Thanks! I’d also like to provide some clarification about my model in case it helps make the situation clearer.

I’m building a shift lognormal model, where the `ndt_i` above is used to create a shifted parameter for each participant at a certain time condition. This shifted parameter should multiply with their minimum RT.

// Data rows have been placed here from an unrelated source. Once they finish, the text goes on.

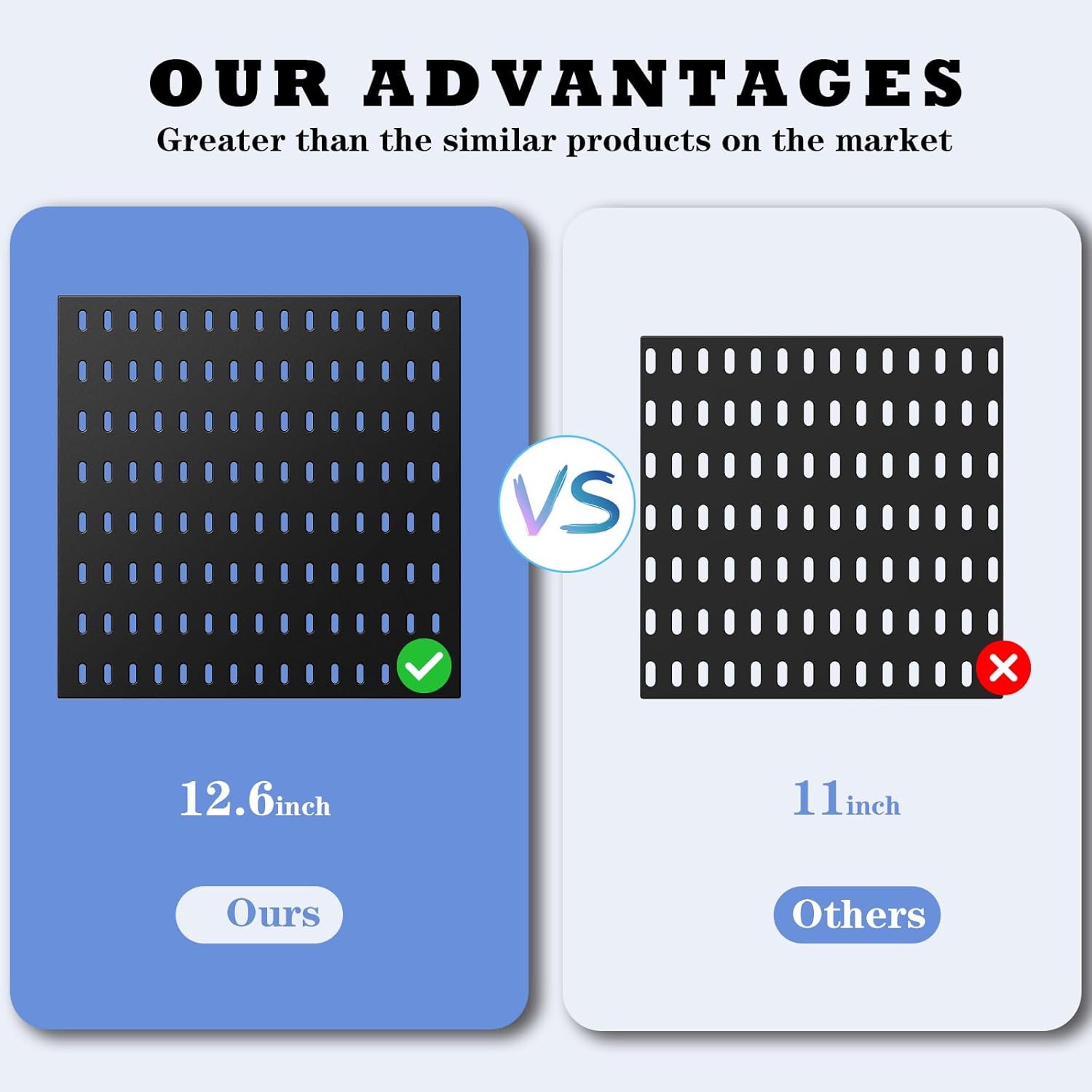 - Cost-Effective: This Pegboard Combination Kit is adjustable and removable. This new set is12.6"X12.6", bigger than the formal 11”X11”. The 20 accessories show more cost-effective than the formal 16 accessories
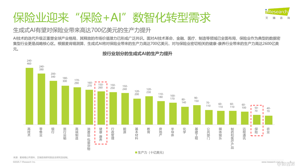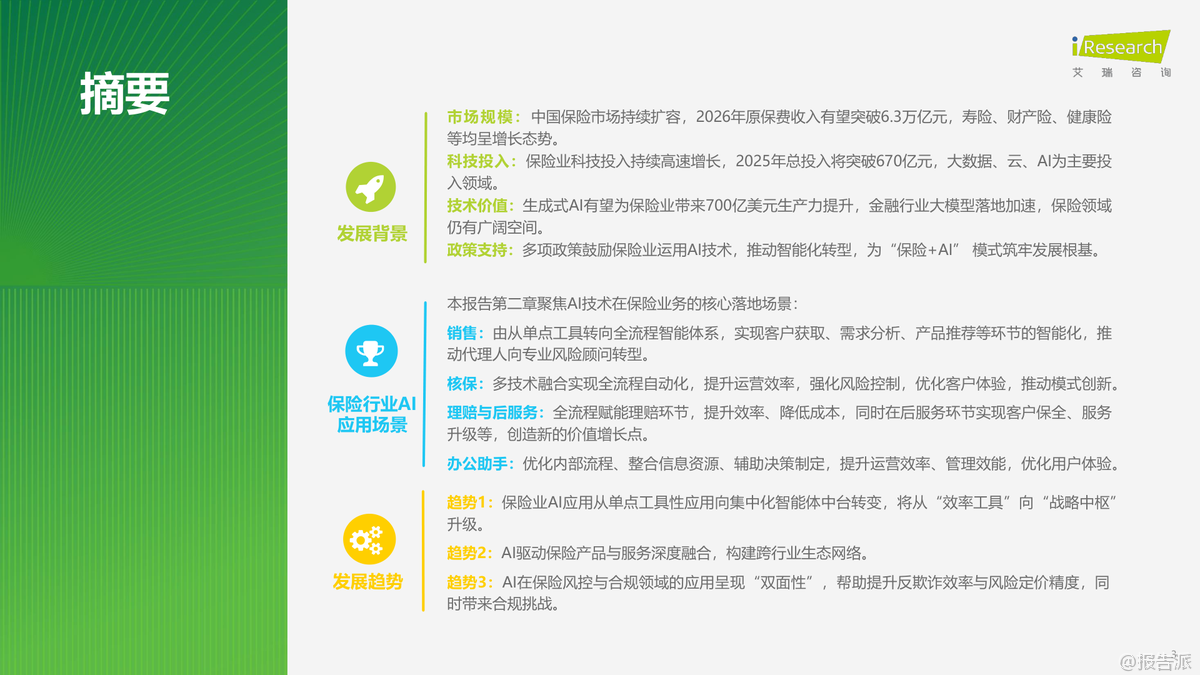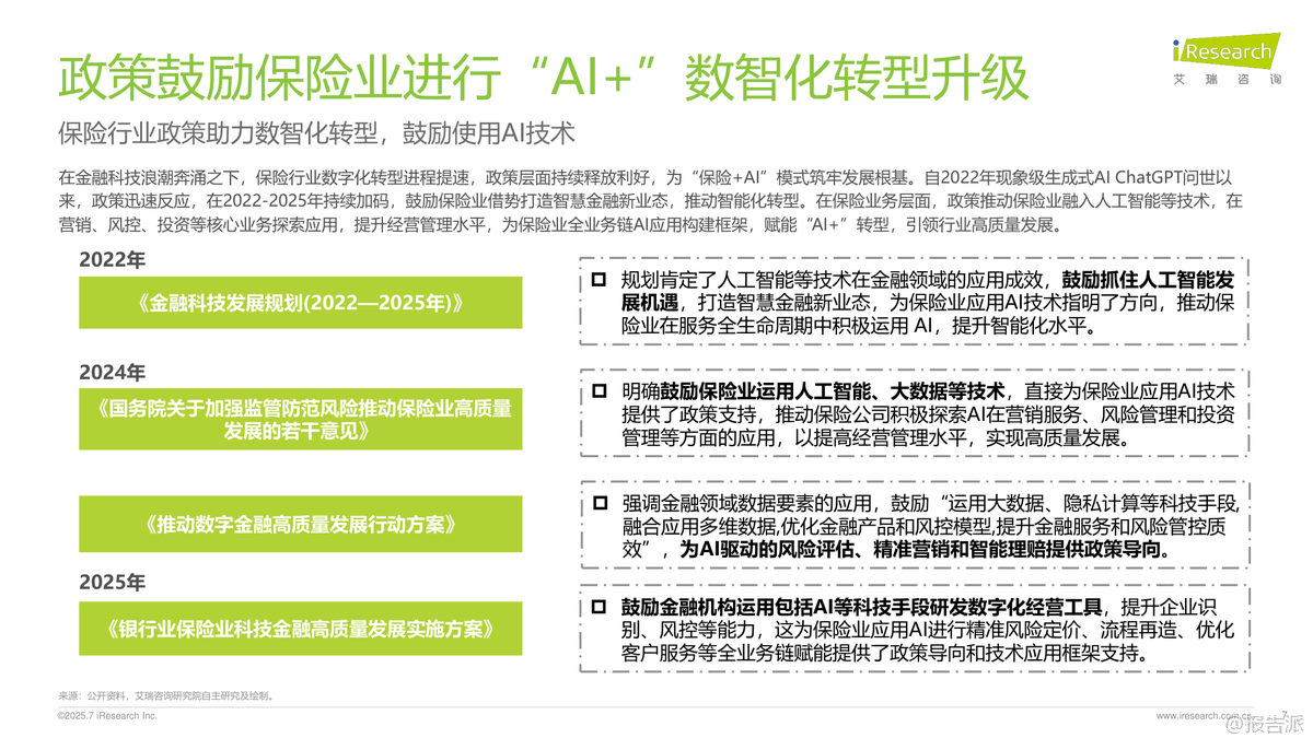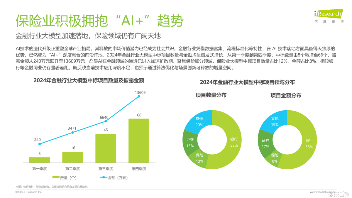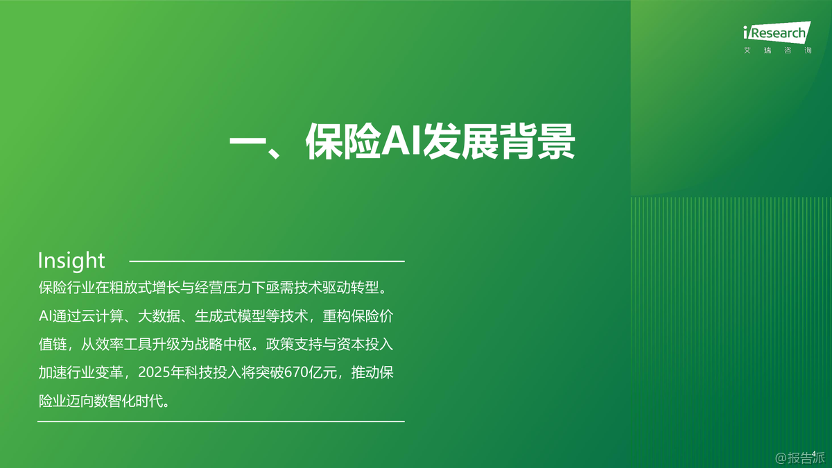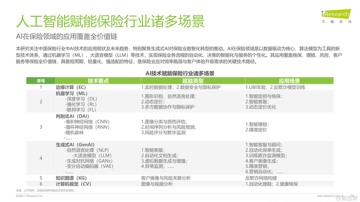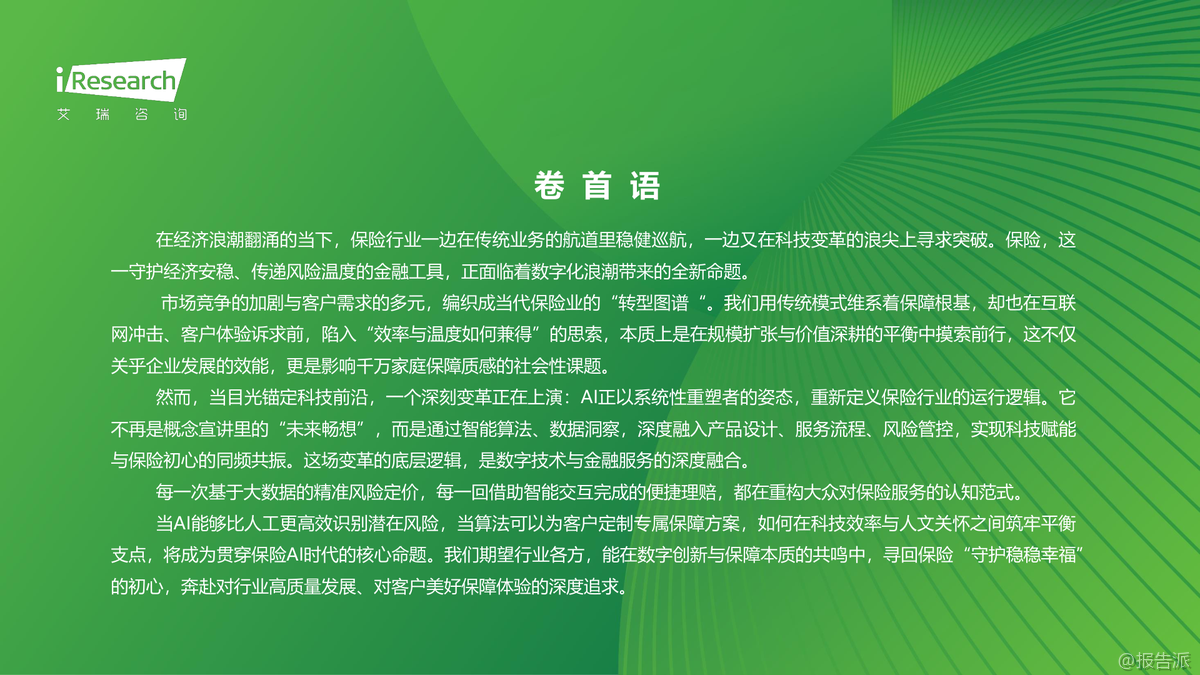 AI正以前所未有的深度重塑保險行業(yè)的底層邏輯,推動其從傳統(tǒng)模式向數(shù)智化轉(zhuǎn)型。 根據(jù)《2025年保險行業(yè)AI應(yīng)用全景洞察報告》,中國保險市場持續(xù)擴(kuò)容,預(yù)計2026年原保費(fèi)收入將突破6.3萬億元,而科技投入將在2025年超過670億元,其中大數(shù)據(jù)、云計算與AI成為主要方向。 生成式AI有望為全球保險業(yè)帶來高達(dá)700億美元的生產(chǎn)力提升,展現(xiàn)出巨大的技術(shù)紅利空間。 當(dāng)前,AI在保險領(lǐng)域的應(yīng)用已從早期的概念驗證走向規(guī)?;涞?,覆蓋產(chǎn)品設(shè)計、銷售、核保、理賠、風(fēng)控及客戶服務(wù)等全價值鏈。 在銷售端,AI通過客戶畫像、意圖識別、智能話術(shù)生成和數(shù)字人營銷等方式,推動代理人從“產(chǎn)品推銷員”向“專業(yè)風(fēng)險顧問”轉(zhuǎn)型,實(shí)現(xiàn)精準(zhǔn)獲客與個性化服務(wù)。 平安人壽、i云保等企業(yè)已構(gòu)建智能銷售支持系統(tǒng),顯著提升展業(yè)效率。 在核保環(huán)節(jié),AI融合機(jī)器學(xué)習(xí)、NLP、OCR與聯(lián)邦學(xué)習(xí)技術(shù),實(shí)現(xiàn)投保資料自動采集、健康信息語義解析、動態(tài)風(fēng)險建模與智能決策。 部分標(biāo)準(zhǔn)化案件可實(shí)現(xiàn)“秒級核?!保蠓嵘\(yùn)營效率與客戶體驗。 理賠方面,AI通過多模態(tài)識別、知識圖譜與區(qū)塊鏈智能合約,實(shí)現(xiàn)從報案、查勘、定損到核賠、支付的全流程自動化。 “無感理賠”“遠(yuǎn)程定損”“自動墊付”等創(chuàng)新服務(wù)正在落地,極大縮短理賠周期并降低欺詐風(fēng)險。 值得關(guān)注的是,AI正推動保險生態(tài)從單一產(chǎn)品銷售向“保險+服務(wù)”融合升級。 商涌科技、眾安信科等科技企業(yè)通過AI健康管理、疾病風(fēng)險預(yù)測、治療路徑優(yōu)化等手段,將保險延伸至醫(yī)療、養(yǎng)老、汽車等跨行業(yè)場景,構(gòu)建“預(yù)防—保障—服務(wù)”一體化生態(tài)。 這種模式不僅增強(qiáng)了客戶黏性,也幫助保險公司實(shí)現(xiàn)從“被動賠付”向“主動風(fēng)控”的戰(zhàn)略躍遷。 然而,AI的廣泛應(yīng)用也帶來挑戰(zhàn)。 算法偏見可能導(dǎo)致承保不公平,數(shù)據(jù)隱私與合規(guī)風(fēng)險日益突出,監(jiān)管滯后于技術(shù)創(chuàng)新。 因此,構(gòu)建AI倫理框架、完善數(shù)據(jù)治理體系、提升模型可解釋性,已成為行業(yè)可持續(xù)發(fā)展的關(guān)鍵議題。 展望未來,保險AI將呈現(xiàn)三大趨勢:一是從單點(diǎn)工具向“智能體中臺”演進(jìn),形成統(tǒng)一的AI能力中樞,實(shí)現(xiàn)跨場景復(fù)用與協(xié)同;二是產(chǎn)品與服務(wù)深度融合,催生“超級智能體”,具備自主決策與持續(xù)進(jìn)化能力;三是風(fēng)控與合規(guī)進(jìn)入智能化階段,AI將在反欺詐、合規(guī)審計、風(fēng)險預(yù)警中發(fā)揮更大作用。 總體來看,AI不僅是效率工具,更將成為保險企業(yè)的戰(zhàn)略中樞,驅(qū)動行業(yè)邁向高質(zhì)量發(fā)展新階段。 出品方:艾瑞 發(fā)布時間:2025年 文檔頁數(shù):31頁 |
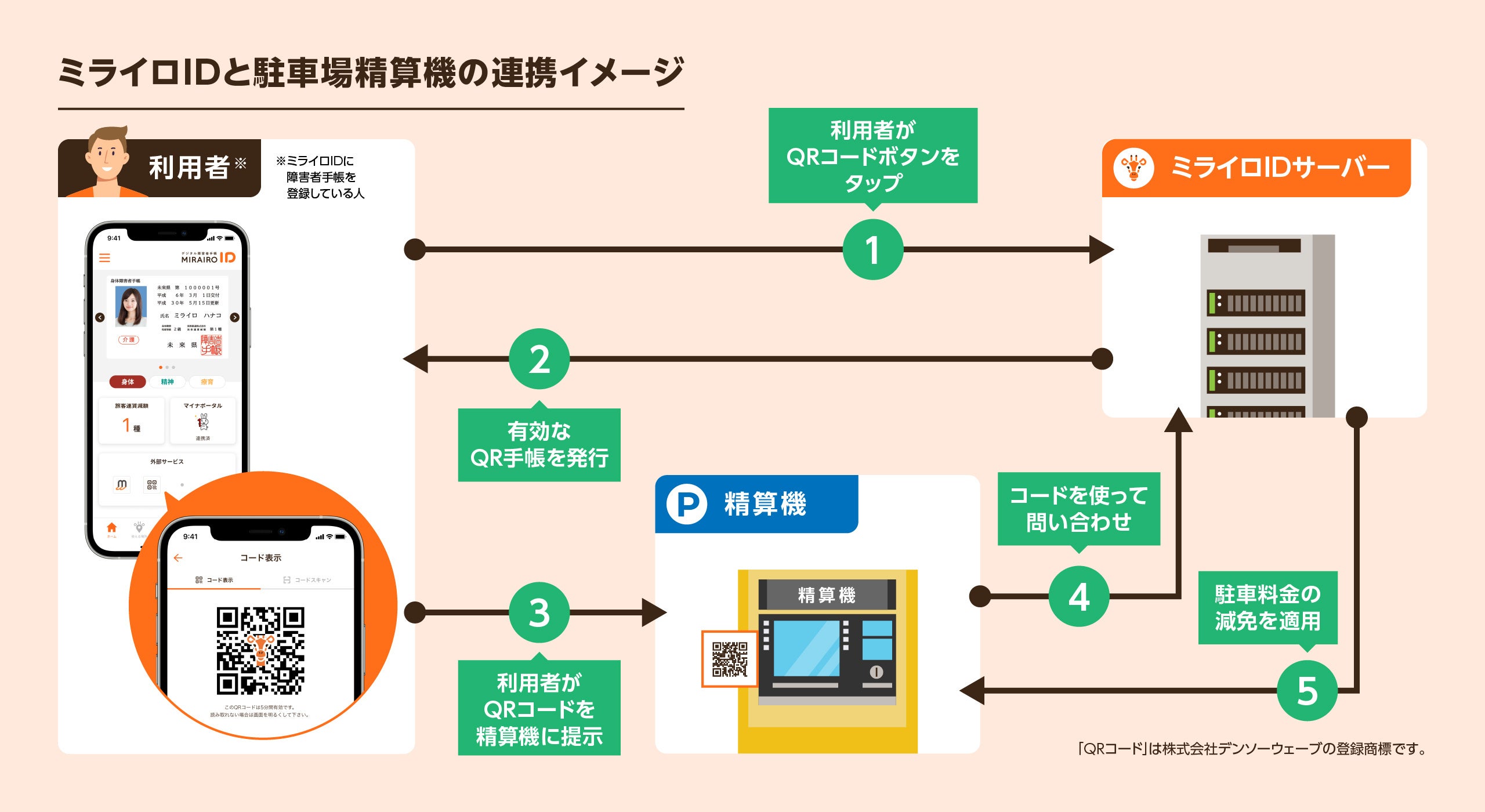ミライロIDと駐車場精算機の連携イメージ
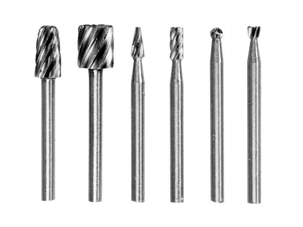 Set od 6 nastavaka za obradu čelika i aluminija. Precizna izrada od visokokvalitetne brze čelične legure HSS 4241 osigurava izvrsnu kvalitetu i brzinu obrade materijala. Montažni nastavak s ø 3,2 mm za korištenje s mini brusilicama.
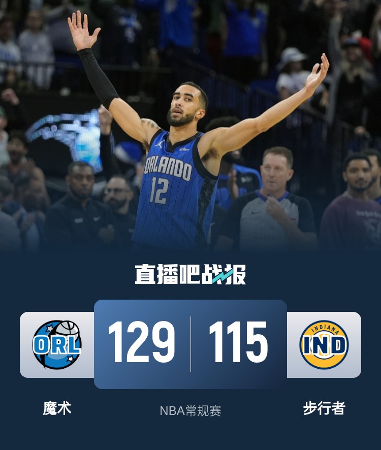 比赛开始,魔术率先发力建立主动权,麦康纳有攻有传带领步行者咬住比分,昆顿-杰克逊里突外投连砍7分反超比分,首节双方打成29平,次节魔术上来发力17-4攻击波领先双位数,麦康纳上场止血,但魔术连续反击一波14-0一度拉开近30分领先,半场魔术领先到23分。下半场,魔术上来连中三分一波17-5攻击波直接拉开30分以上领先,步行者连续外线发炮追分,魔术能回应三节还是领先30分,末节双方开始练兵,魔术始终保持住30分左右领先,步行者一波小高潮追至20分以内,最终魔术129-115轻取步行者,拿到5连胜同时终结对手6连胜。
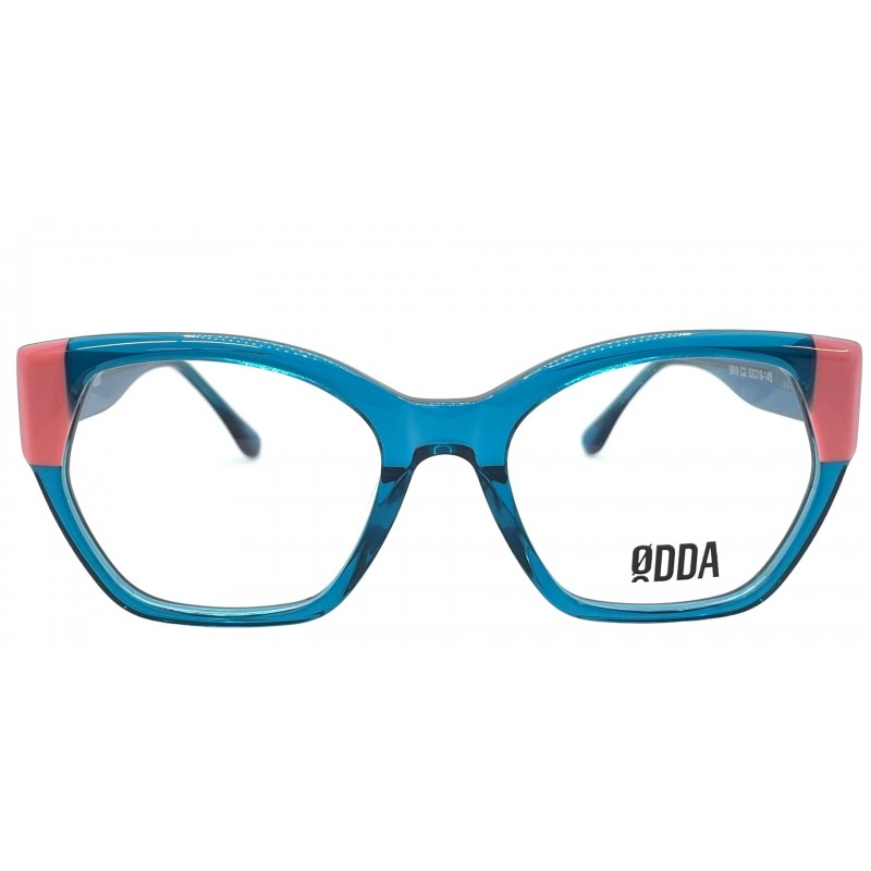 Montura en acetato con forma cuadrada agatada en color azul con detalle rosado en talón.
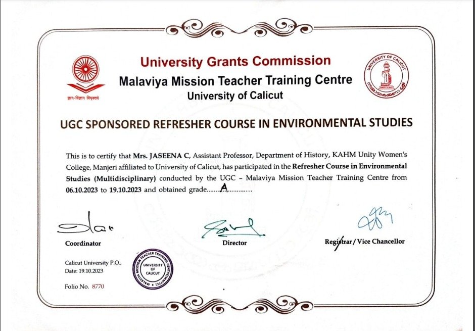 Jaseena C, Assistant Professor, the Department of History, recently attended a UGC sponsored interdisciplinary refresher course In Environmental Studies at the University of Calicut. The programme was conducted by the UGC – Human Resource Development Centre from 6th October 2023 to 19th October 2023.

The model runs well, but the parameter estimation results are not what I expected. As you can see in the code snippet below, my parameters of interest are `rho_R_mu` and `rho_R_sigma`. These parameters are drawn from a multivariate normal distribution and are related to `mu`. In other models that don’t include this shift parameter, the estimation results match the Stan output exactly. This leads me to believe that the problem arises from my definition or usage of the shift parameter, like:

``````observed = df_flanker.RT - ndt_i[subj_idx, time_idx].eval()
``````

Since the model is somewhat complex, I’ve included only the key lines here:

``````coords = {"cond": df_flanker['Condition'].unique(),
"time": df_flanker['Time'].unique(),
"subj": df_flanker['subj_num'].unique(),
"trial": df_flanker['trial_idx']}

with pm.Model(coords=coords) as model_3:
# Define correlation matrices
rho_R_mu = pm.LKJCorr('rho_R_mu', n=2, eta=1)
rho_R_sigma = pm.LKJCorr('rho_R_sigma', n=2, eta=1)
triu_idx = np.triu_indices(2, k=1)
mu_corr_upper = pt.set_subtensor(pt.zeros((2, 2))[triu_idx], packed_L_R_mu)
sigma_corr_upper = pt.set_subtensor(pt.zeros((2, 2))[triu_idx], packed_L_R_sigma)
R_mu = pt.eye(2) + mu_corr_upper + mu_corr_upper.T
R_sigma = pt.eye(2) + sigma_corr_upper + sigma_corr_upper.T
L_R_mu = pt.linalg.cholesky(R_mu)
L_R_sigma = pt.linalg.cholesky(R_sigma)

...
ndt_mean = pm.Normal('ndt_mean', mu=0, sigma=1, dims="time")
ndt_sigma = pm.Normal('ndt_sigma', mu=0, sigma=1, dims="time")
ndt_i_pr = pm.Normal('ndt_i_pr', mu=0, sigma=1, dims=["subj","time"])
rv = pm.Normal.dist(0,1)
phi = pm.logcdf(rv, ndt_mean + ndt_sigma * ndt_i_pr)
phi = pm.math.exp(phi)
ndt_i = pm.Deterministic('ndt_i', phi * rt_min, dims=["subj","time"])

...

time_idx = pm.MutableData("time_idx", df_flanker.Time, dims="trial")
subj_idx = pm.MutableData("subj_idx", df_flanker.subj_num, dims="trial")
cond_idx = pm.MutableData("cond_idx", df_flanker.Condition, dims="trial")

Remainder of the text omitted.